TASK REQUIREMENTS - The reply should repeat all of the data word for word, with no pictures.

DATA -

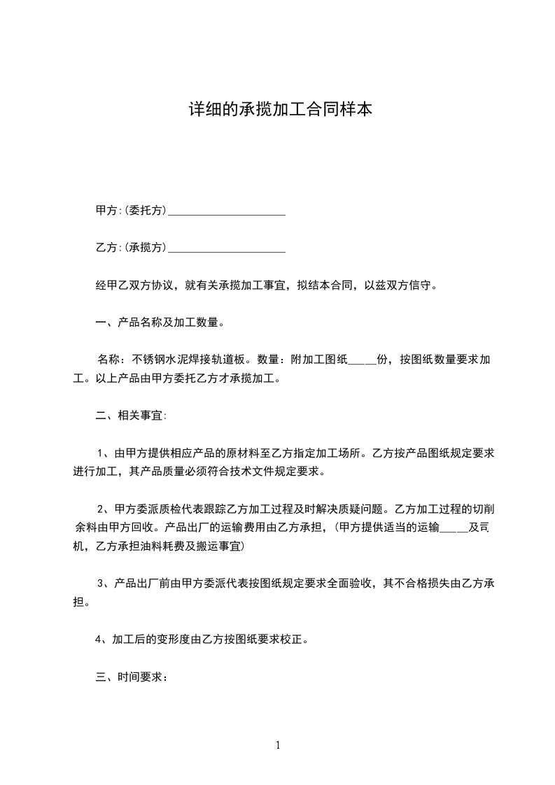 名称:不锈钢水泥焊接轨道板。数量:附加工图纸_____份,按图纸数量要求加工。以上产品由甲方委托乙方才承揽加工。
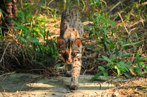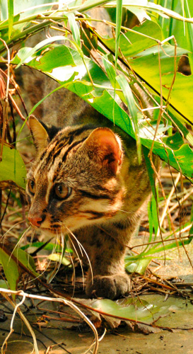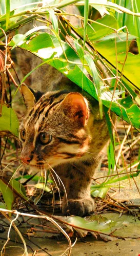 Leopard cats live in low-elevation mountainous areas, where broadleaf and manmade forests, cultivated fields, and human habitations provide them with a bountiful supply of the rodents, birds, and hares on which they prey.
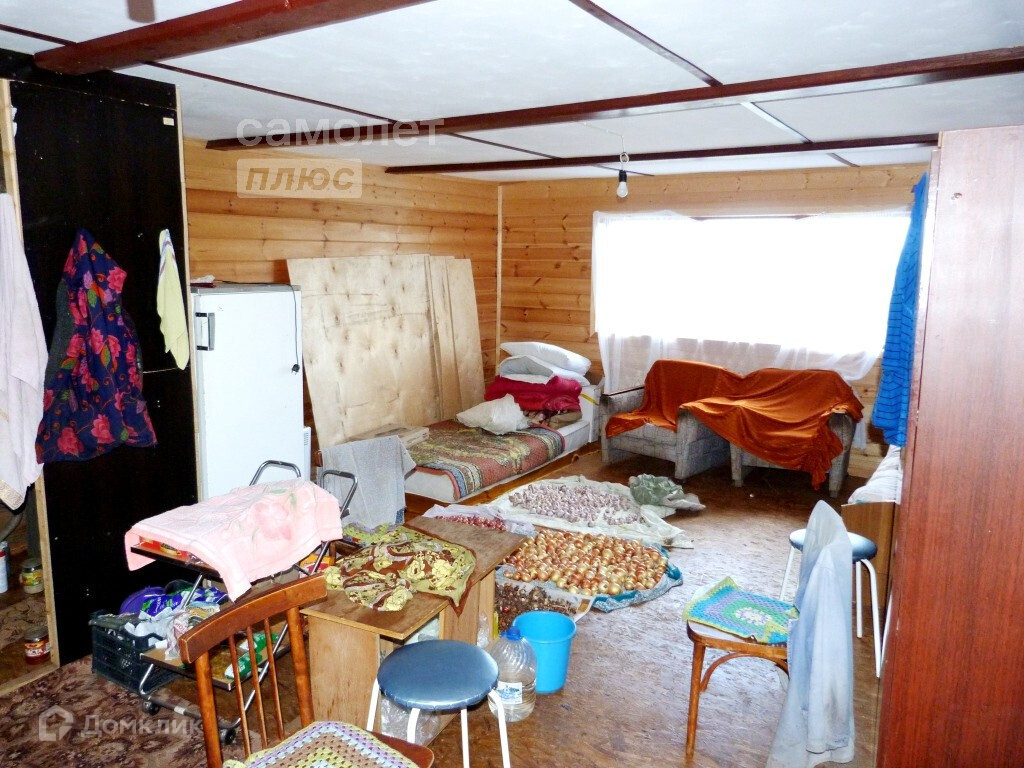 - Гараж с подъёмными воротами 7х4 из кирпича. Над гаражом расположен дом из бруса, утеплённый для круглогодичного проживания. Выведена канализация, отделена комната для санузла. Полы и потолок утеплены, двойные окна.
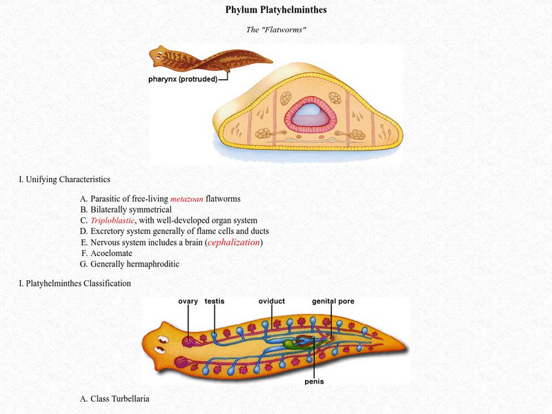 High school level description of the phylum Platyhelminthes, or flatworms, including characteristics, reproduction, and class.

OUTPUT OF THE TASK -
 名称:不锈钢水泥焊接轨道板。数量:附加工图纸_____份,按图纸数量要求加工。以上产品由甲方委托乙方才承揽加工。
 Leopard cats live in low-elevation mountainous areas, where broadleaf and manmade forests, cultivated fields, and human habitations provide them with a bountiful supply of the rodents, birds, and hares on which they prey.
 - Гараж с подъёмными воротами 7х4 из кирпича. Над гаражом расположен дом из бруса, утеплённый для круглогодичного проживания. Выведена канализация, отделена комната для санузла. Полы и потолок утеплены, двойные окна.
 High school level description of the phylum Platyhelminthes, or flatworms, including characteristics, reproduction, and class.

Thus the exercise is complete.